TASK TO COMPLETE: Where the listing below has a line with "Joe Muskin explains", write out exactly that line and every line after it, stopping after the line with "21岁电竞选手凌晨发遗书 俱乐部回应:人已找到".

INFORMATION SUPPLIED:
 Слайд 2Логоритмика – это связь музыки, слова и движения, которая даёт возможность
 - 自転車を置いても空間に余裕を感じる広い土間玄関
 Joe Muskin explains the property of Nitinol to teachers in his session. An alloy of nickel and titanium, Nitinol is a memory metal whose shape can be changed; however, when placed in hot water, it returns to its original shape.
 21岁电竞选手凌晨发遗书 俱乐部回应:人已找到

--

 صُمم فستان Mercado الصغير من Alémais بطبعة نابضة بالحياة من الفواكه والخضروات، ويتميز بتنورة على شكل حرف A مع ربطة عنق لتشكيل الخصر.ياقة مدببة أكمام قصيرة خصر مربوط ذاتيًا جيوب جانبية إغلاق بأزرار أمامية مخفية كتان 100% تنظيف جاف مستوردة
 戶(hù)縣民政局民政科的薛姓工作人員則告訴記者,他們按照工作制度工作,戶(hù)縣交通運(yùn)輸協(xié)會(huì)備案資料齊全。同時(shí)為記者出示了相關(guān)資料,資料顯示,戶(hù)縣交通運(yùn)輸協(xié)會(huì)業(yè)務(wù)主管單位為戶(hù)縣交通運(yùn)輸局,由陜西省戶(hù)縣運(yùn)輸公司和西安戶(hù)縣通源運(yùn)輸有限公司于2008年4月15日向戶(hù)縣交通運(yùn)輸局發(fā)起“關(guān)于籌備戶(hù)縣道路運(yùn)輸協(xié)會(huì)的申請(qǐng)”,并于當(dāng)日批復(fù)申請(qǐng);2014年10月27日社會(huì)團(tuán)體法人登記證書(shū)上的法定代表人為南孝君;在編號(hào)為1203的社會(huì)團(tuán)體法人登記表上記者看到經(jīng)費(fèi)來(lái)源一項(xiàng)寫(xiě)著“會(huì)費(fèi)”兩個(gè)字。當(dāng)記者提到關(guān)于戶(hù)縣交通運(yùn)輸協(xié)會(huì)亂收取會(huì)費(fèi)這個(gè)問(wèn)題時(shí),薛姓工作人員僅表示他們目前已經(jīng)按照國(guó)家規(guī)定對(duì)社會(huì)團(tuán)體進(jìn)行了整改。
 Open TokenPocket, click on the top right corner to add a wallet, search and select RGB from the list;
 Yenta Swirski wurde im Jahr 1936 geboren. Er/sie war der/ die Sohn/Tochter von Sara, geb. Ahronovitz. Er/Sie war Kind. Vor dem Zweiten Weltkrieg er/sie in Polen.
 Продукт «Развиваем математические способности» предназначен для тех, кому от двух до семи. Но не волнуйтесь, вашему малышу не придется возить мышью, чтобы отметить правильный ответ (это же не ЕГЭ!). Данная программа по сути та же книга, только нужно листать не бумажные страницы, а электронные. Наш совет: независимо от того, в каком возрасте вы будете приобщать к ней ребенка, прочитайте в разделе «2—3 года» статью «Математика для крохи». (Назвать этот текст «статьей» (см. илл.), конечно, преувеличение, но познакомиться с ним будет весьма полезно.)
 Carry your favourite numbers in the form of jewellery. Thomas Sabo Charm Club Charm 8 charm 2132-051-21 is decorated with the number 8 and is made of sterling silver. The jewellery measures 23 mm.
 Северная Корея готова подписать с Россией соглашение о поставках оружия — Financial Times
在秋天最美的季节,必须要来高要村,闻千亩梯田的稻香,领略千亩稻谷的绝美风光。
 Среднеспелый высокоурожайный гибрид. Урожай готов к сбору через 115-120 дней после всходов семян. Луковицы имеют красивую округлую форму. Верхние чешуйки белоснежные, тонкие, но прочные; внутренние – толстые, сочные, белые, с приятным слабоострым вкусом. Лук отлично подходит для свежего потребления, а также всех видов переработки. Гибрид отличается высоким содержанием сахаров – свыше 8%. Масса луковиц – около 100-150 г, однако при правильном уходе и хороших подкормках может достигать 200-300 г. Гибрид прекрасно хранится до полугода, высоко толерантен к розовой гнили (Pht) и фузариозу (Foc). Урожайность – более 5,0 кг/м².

SOLUTION TO THIS EXERCISE:
 Joe Muskin explains the property of Nitinol to teachers in his session. An alloy of nickel and titanium, Nitinol is a memory metal whose shape can be changed; however, when placed in hot water, it returns to its original shape.
 21岁电竞选手凌晨发遗书 俱乐部回应:人已找到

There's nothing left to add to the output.